What you will do :: Would you write out the full listing exactly, without any pictures?

Recorded information ::
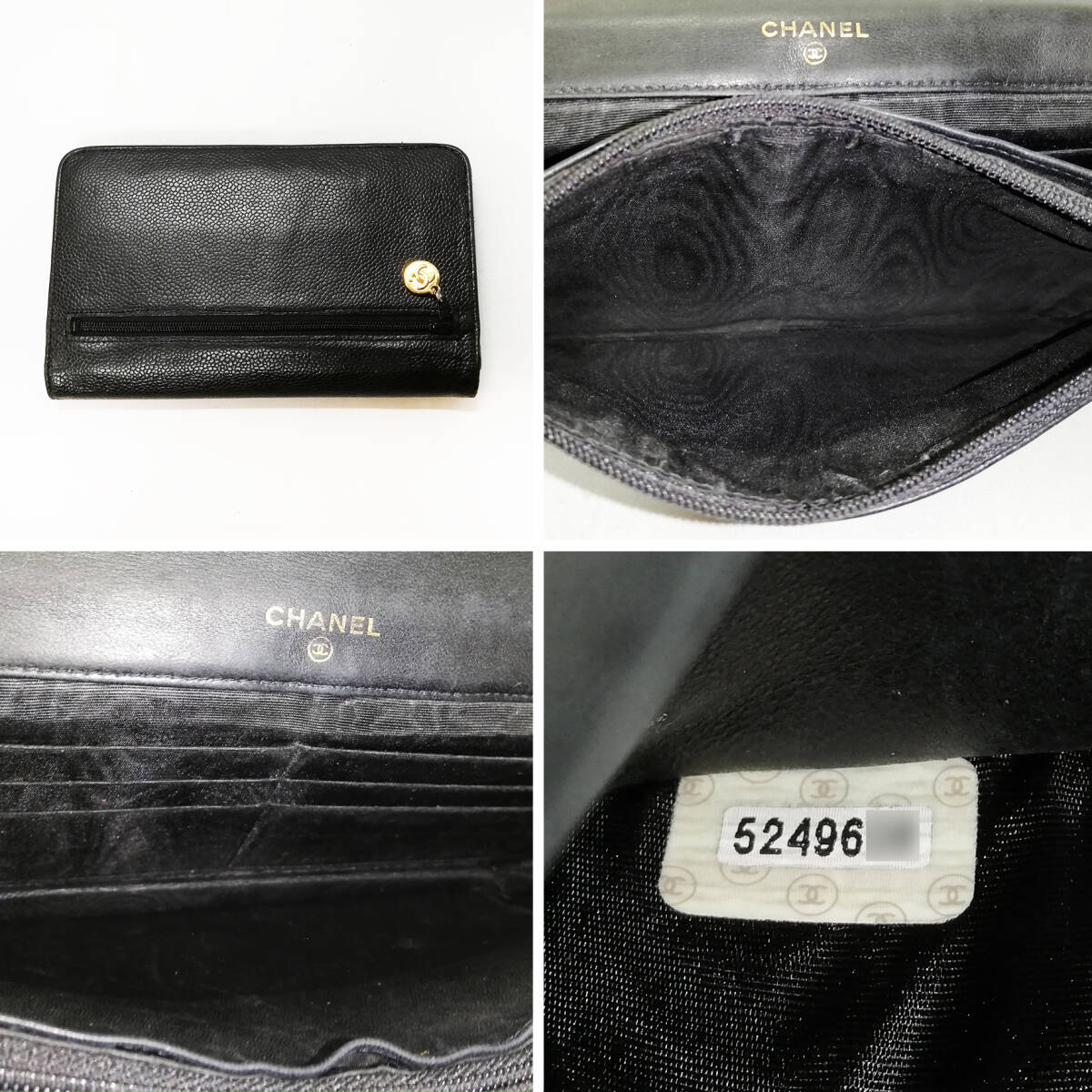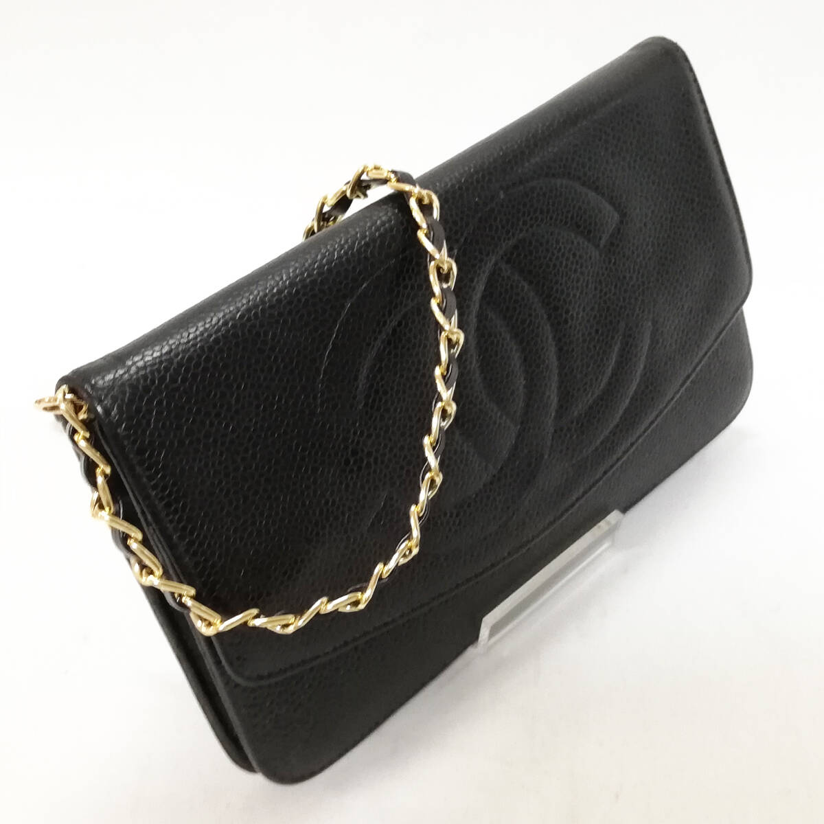 【良品】CHANEL(シャネル)キャビアスキン 二つ折り長財布 チェーンウォレット 黒 ブラック 可愛い おしゃれ 【送料無料】054
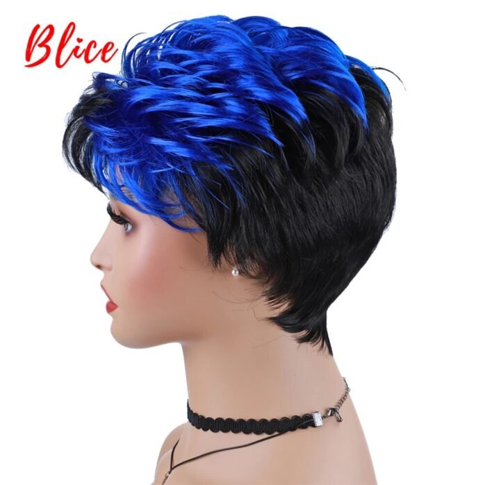 Blice Synthetic Hair Mix Color Wigs Short Natural Wavy For Black Women Free Shipping Heat Resistant Wig 1B/Blue Daily
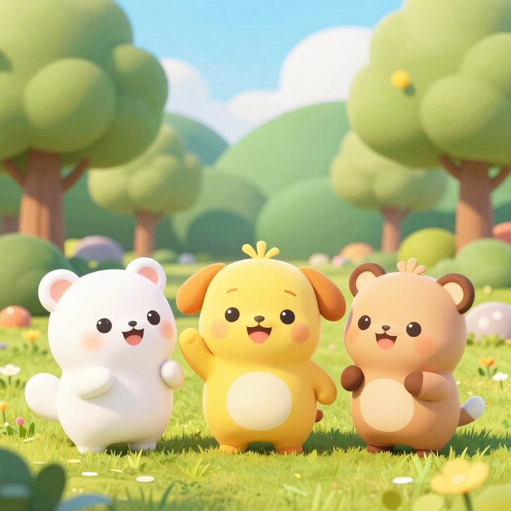 Cartoon art AI generator crafting adorable animal mascots with expressive eyes and rounded shapes, set in a cheerful park scene with lush greenery and playful interactions, smooth shading and soft gradients emphasizing a friendly and heartwarming vibe
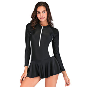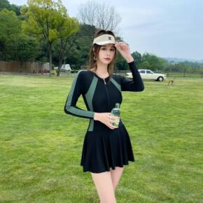 源头工厂2022长袖新款拼色潜水服连体泳衣女温泉保...

Task answer ::
 【良品】CHANEL(シャネル)キャビアスキン 二つ折り長財布 チェーンウォレット 黒 ブラック 可愛い おしゃれ 【送料無料】054
 Blice Synthetic Hair Mix Color Wigs Short Natural Wavy For Black Women Free Shipping Heat Resistant Wig 1B/Blue Daily
 Cartoon art AI generator crafting adorable animal mascots with expressive eyes and rounded shapes, set in a cheerful park scene with lush greenery and playful interactions, smooth shading and soft gradients emphasizing a friendly and heartwarming vibe
 源头工厂2022长袖新款拼色潜水服连体泳衣女温泉保...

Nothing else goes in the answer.